When we took down Thomas' nursery, we carefully packed away all of his things in big plastic tubs which have been sitting in the basement ever since, carefully stored on a large shelving unit at the bottom of the stairs.
Sometimes, in my haste to get out into the garden or grab a can of tomatoes off the pantry rack nearby, I'll fly by the shelves filled with his things without giving them a thought or glance. Other times I'll find myself standing in front of the collection of clothes and nursery items lovingly chosen for our little boy so long ago, running my fingers along the containers. Or just simply staring, arms dangling useless at my sides.
After two and a half years it somehow feels normal to have an assortment of brand new baby things for a child who never came home to use them. Not necessarily easy, but normal. And having them all tucked away in their own little spot in the basement meant they were safe. They couldn't be harmed, nor could them harm me. It was an excellent arrangement.
Over the years we've donated a few things here and there - things that I knew I wouldn't use for another baby and didn't feel sentimentally attached to - but probably 85% of Thomas' things are still down in the basement.
Waiting for a baby that never came home.
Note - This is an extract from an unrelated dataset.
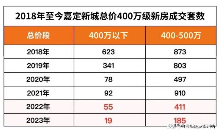 据数据统计,2022年嘉定新城有466套新房成交价在400万级,但2023年就只有204套新房总价在400万级。

And for more babies that may never come at all.
It's probably a self defense mechanism - or me finally facing what is rapidly becoming a likely conclusion to this four-year saga - but after I lost the twins I found myself thinking more and more about the possibility of the days of baby making being behind me. Not because I want it to be that way, but because it probably is.
No decisions have been made and no medical opinions are leading us in this direction. It just somehow feels like it's over in a way I can't exactly describe, but know I've never before felt.
It was those feelings that somehow made it possible for me to venture down into the basement, retrieve two tubs of the sweetest little baby clothes I've ever seen, and go through them to find a few outfits for a friend who just had a baby boy of her own. After two losses, she understands what it's like for dreams to turn into nightmares.
Those tubs have been sealed tight for two and a half years. And I've been dreading the moment when, for whatever reason, I had to open them up and come face to face with tangible evidence of Thomas' loss. Dozens of outfits, sleepers, receiving blankets, hats, booties, burp pads, towels and washcloths don't lie. A baby was supposed to live here. All those unused items - most still with tags on - tell the grim tale in a shockingly real way.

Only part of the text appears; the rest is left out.